▶ Task statement: No pictures go into the copy. Write out every line below exactly.

▶ Input:
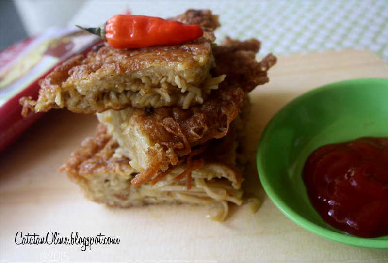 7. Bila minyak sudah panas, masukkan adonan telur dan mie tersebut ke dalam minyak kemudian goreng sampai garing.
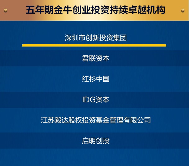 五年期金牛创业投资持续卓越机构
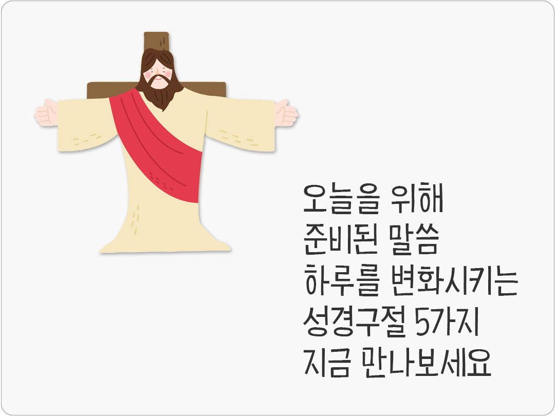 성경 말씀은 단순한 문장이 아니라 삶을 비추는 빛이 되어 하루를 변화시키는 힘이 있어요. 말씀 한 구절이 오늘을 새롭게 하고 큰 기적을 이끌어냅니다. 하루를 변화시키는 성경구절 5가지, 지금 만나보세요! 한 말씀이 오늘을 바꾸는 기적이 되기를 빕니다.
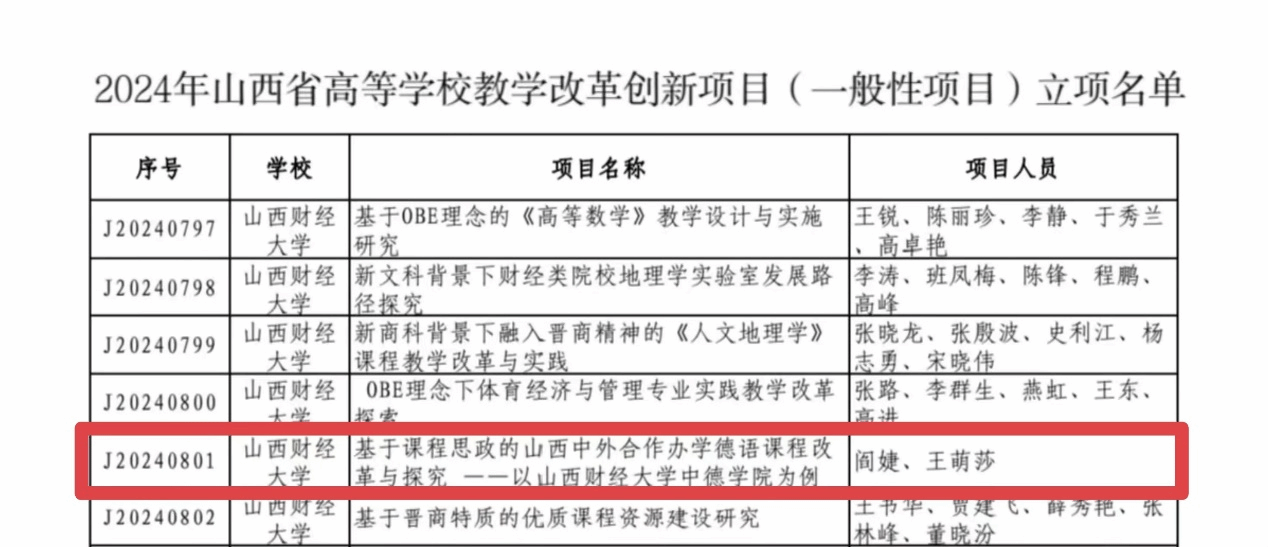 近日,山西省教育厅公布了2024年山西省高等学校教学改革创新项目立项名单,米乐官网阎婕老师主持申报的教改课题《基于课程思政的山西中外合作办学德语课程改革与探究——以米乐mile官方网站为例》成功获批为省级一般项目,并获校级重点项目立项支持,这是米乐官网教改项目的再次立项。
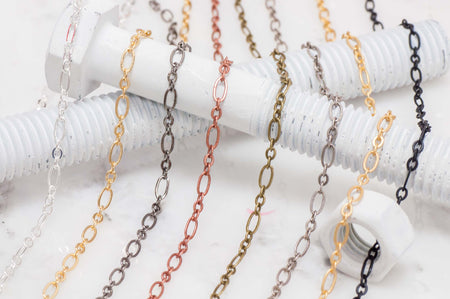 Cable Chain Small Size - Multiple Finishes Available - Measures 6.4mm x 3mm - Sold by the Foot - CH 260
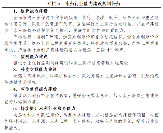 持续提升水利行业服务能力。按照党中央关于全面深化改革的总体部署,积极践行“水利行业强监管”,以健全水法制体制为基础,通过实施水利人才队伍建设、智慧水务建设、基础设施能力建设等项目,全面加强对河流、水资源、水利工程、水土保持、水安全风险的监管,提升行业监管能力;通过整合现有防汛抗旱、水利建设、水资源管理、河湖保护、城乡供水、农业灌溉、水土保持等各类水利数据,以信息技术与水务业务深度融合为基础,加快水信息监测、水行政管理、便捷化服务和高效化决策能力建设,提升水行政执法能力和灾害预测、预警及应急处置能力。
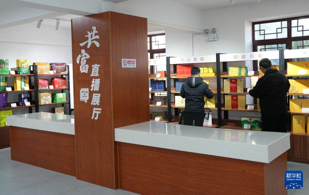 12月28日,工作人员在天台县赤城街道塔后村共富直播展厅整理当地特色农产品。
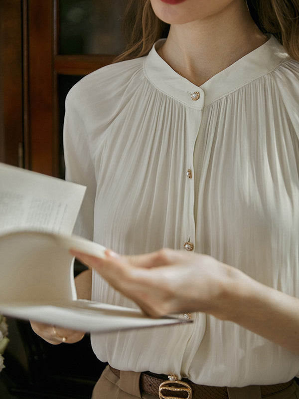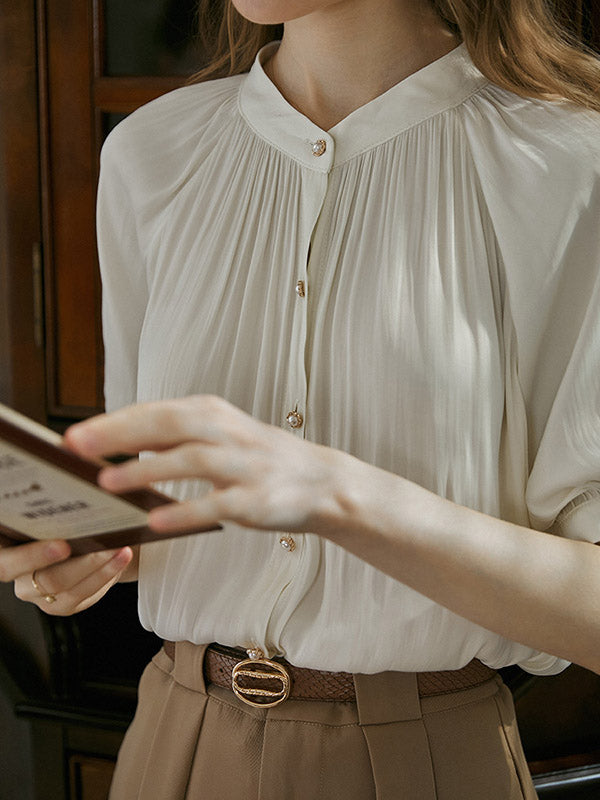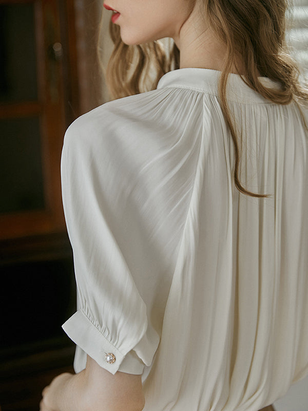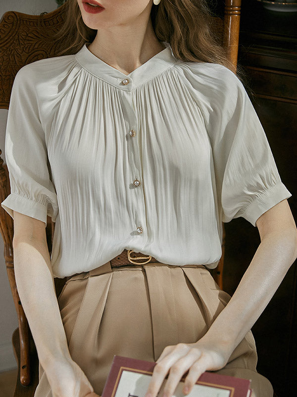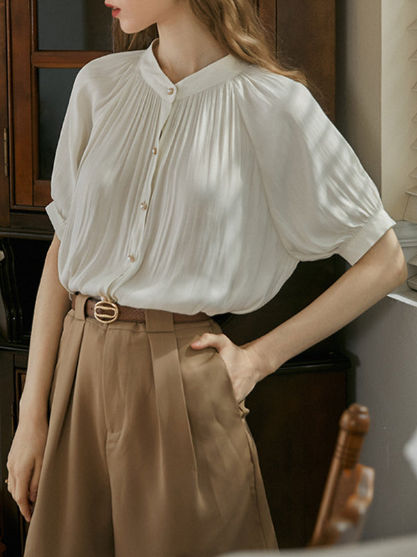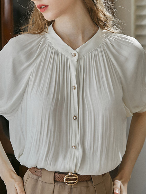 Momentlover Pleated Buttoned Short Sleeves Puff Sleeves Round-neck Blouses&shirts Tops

▶ Answer for the task:
 7. Bila minyak sudah panas, masukkan adonan telur dan mie tersebut ke dalam minyak kemudian goreng sampai garing.
 五年期金牛创业投资持续卓越机构
 성경 말씀은 단순한 문장이 아니라 삶을 비추는 빛이 되어 하루를 변화시키는 힘이 있어요. 말씀 한 구절이 오늘을 새롭게 하고 큰 기적을 이끌어냅니다. 하루를 변화시키는 성경구절 5가지, 지금 만나보세요! 한 말씀이 오늘을 바꾸는 기적이 되기를 빕니다.
 近日,山西省教育厅公布了2024年山西省高等学校教学改革创新项目立项名单,米乐官网阎婕老师主持申报的教改课题《基于课程思政的山西中外合作办学德语课程改革与探究——以米乐mile官方网站为例》成功获批为省级一般项目,并获校级重点项目立项支持,这是米乐官网教改项目的再次立项。
 Cable Chain Small Size - Multiple Finishes Available - Measures 6.4mm x 3mm - Sold by the Foot - CH 260
 持续提升水利行业服务能力。按照党中央关于全面深化改革的总体部署,积极践行“水利行业强监管”,以健全水法制体制为基础,通过实施水利人才队伍建设、智慧水务建设、基础设施能力建设等项目,全面加强对河流、水资源、水利工程、水土保持、水安全风险的监管,提升行业监管能力;通过整合现有防汛抗旱、水利建设、水资源管理、河湖保护、城乡供水、农业灌溉、水土保持等各类水利数据,以信息技术与水务业务深度融合为基础,加快水信息监测、水行政管理、便捷化服务和高效化决策能力建设,提升水行政执法能力和灾害预测、预警及应急处置能力。
 12月28日,工作人员在天台县赤城街道塔后村共富直播展厅整理当地特色农产品。
 Momentlover Pleated Buttoned Short Sleeves Puff Sleeves Round-neck Blouses&shirts Tops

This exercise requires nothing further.